For more information about data used in this study please refer to [https://portal.gdc.cancer.gov] for Files: the breast cancer (BRCA) and Skin Cutaneous Melanoma (SKCM) arms of the Cancer Genome Atlas downloaded via `TCGAbiolinks' (V package in R accessed 6/27/2017; and [https://www.ncbi.nlm.nih.gov] entry GSE98394.
- The latest version of R can be downloaded at https://www.r-project.org/ and should download in under one minute
- The latest version of RStudio can be downloaded at https://www.rstudio.com/products/rstudio/download/ and should install in under one minute
- Download the files from the repository and extract the files from the zip folder to your desired working folder. The extraction process should be near instantaneous.
- Open the six provided R scripts and change the address in the setwd() command on each file to reflect the folder you saved the files to. The scripts should open instanteously.
- Ensure all R Libraries listed in the Software Requirements are installed. Code for the installation of all packages is provided below.
if (!requireNamespace("BiocManager", quietly = TRUE))
install.packages("BiocManager")
BiocManager::install("SummarizedExperiment")
BiocManager::install("TCGAbiolinks")
BiocManager::install("Rgraphviz")
install.packages(c('colorspace','MASS', 'lattice'))
install.packages("https://www.bnlearn.com/releases/bnlearn_latest.tar.gz", repos = NULL, type = "source")
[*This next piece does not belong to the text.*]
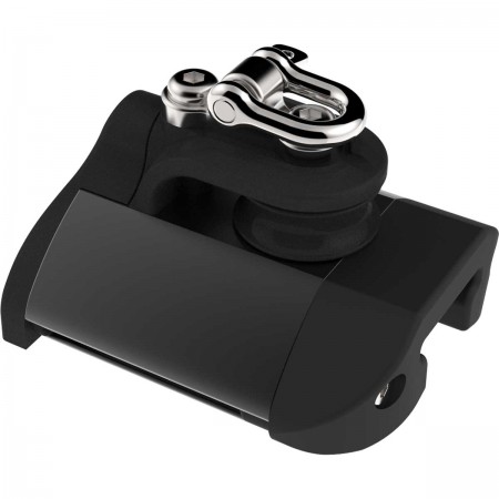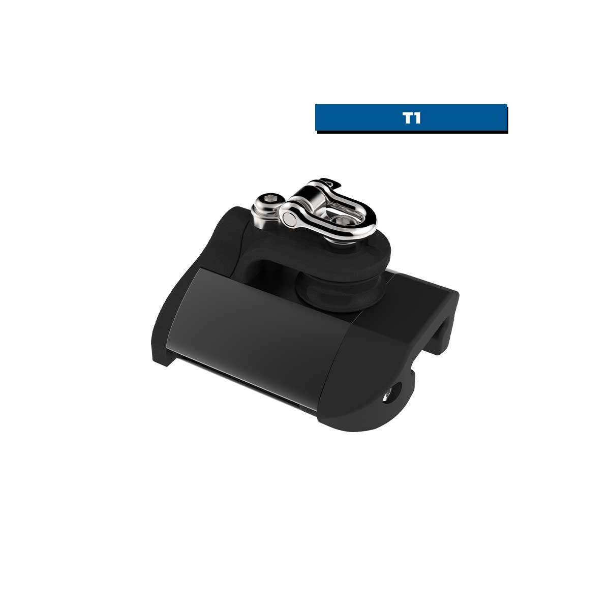 El tope final T1 HTX con polea de control y cáncamo se instala en el extremo del raíl para detener el carro del puño de escota y se utiliza para que el cable de control trabaje limpiamente en lugar de hacer que roce contra el tope final o el raíl. El ringot se utiliza como punto de amarre para completar u organizar el circuito de ajuste.

Running the scripts in the order provided will generate all relevant figures and data tables for the given portion of the study. Below you'll find a list of each script, it's run time, the files added to the working directory, and the number of figures generated.
-
1_BRCA_PreProcess.R
- Run time: 14.5 minutes
- Files created:
- GDCdata file folder
- BRCA_RNAseq_HK.txt
- BRCA_TPM_HK.Rda
- brca-RNAseq-Counts.rda
- Figures generated: 1
-
2_BRCA-EMT-SM.R
- Run time: < 10 seconds
- Files created:
- BRCA_EMT_SM.csv
- Figures generated: 2
-
3_BRCA-Proliferation-SM.R
- Run time: < 10 seconds
- Files created:
- BRCA_proliferation_Zscore.csv
- Figures generated: 1
-
4_Merge_Datasets.R
- Run time: < 10 seconds
- Files created:
- BRCA_digitalcytometry_tot_noise.csv
- Figures generated: 7
-
5_BRCA_BN_SeedEdges_Interval.R
- Run time: 23 minutes
- Files created:
- BRCA_HYBRID_CIBERSORT Bootstrap 10000_[insert algorithm].csv
- algorithms: gs, rsmax2, mmhc, tabu, hc, pc_stable, iamb_fdr, si_hiton_pc, mmpc, iamb
- BRCA-Hybrid-CorrelationStructure.pdf
- BRCA-HybridVariableDist.pdf
- BRCA_hybrid_CIBERSORT_Seed_Summary_Int.csv
- BRCA_HYBRID_CIBERSORT Bootstrap 10000_[insert algorithm].csv
- Figures generated: 1
-
6_BRCA_BN_EnsembleDAG.R
- Run time: 2 minutes
- Files created:
- BRCA_CIBERSORT_NKsubset_L1_mmhc.csv
- BRCA_CIBERSORT_NKsubset_mmhc_Hybrid_Merge.csv
- BRCA_ModelvsData-hybrid
- Figures generated: 1
The code provided in this repository reproduces the main results of the study of D.J. Klinke, A. Fernandez, W. Deng, H. Latifizadeh, and A.C. Pirkey "Data-driven learning how oncogenic gene expression locally alters heterocellular networks" but it is not meant as a self-contained module for use in further analysis.
Klinke, D.J., Fernandez, A., Deng, W., Latifizadeh, H. & Pirkey, A.C., "Data-driven learning how oncogenic gene expression locally alters heterocellular networks." Nature Communications (2022). Apr 13;13(1):1986. doi: 10.1038/s41467-022-29636-3. PMID: 35418177; PMCID: PMC9007999.